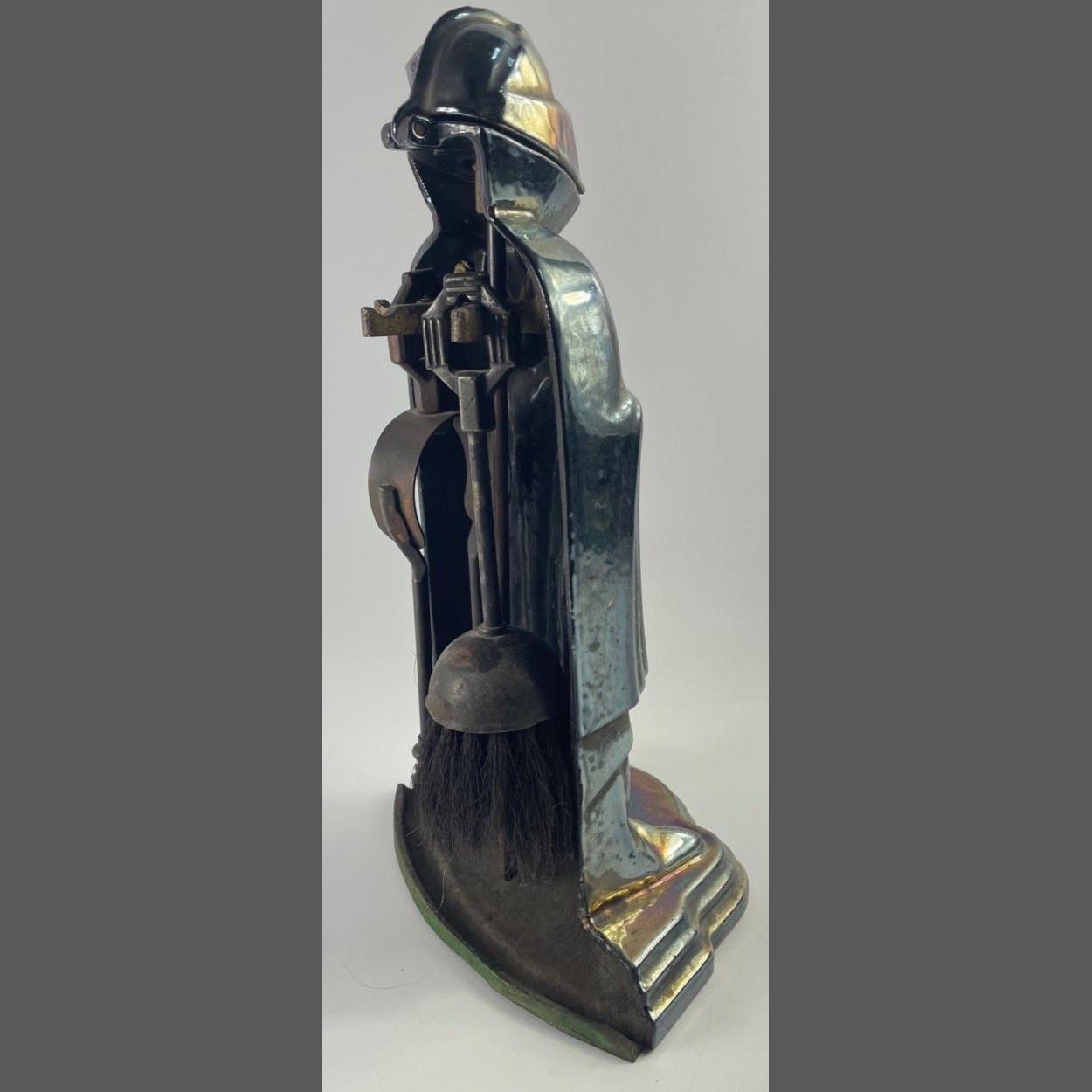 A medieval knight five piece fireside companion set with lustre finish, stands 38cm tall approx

......

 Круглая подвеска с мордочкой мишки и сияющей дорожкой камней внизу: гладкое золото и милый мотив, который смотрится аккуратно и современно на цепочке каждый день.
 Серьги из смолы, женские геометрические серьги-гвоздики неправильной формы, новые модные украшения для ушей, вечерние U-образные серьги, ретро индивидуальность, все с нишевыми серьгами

......

Of the entries above, repeat exactly the lines between the line with "Круглая подвеска с" and the line with "Серьги из смолы, женские", inclusive, and no others.

● REPLY
 Круглая подвеска с мордочкой мишки и сияющей дорожкой камней внизу: гладкое золото и милый мотив, который смотрится аккуратно и современно на цепочке каждый день.
 Серьги из смолы, женские геометрические серьги-гвоздики неправильной формы, новые модные украшения для ушей, вечерние U-образные серьги, ретро индивидуальность, все с нишевыми серьгами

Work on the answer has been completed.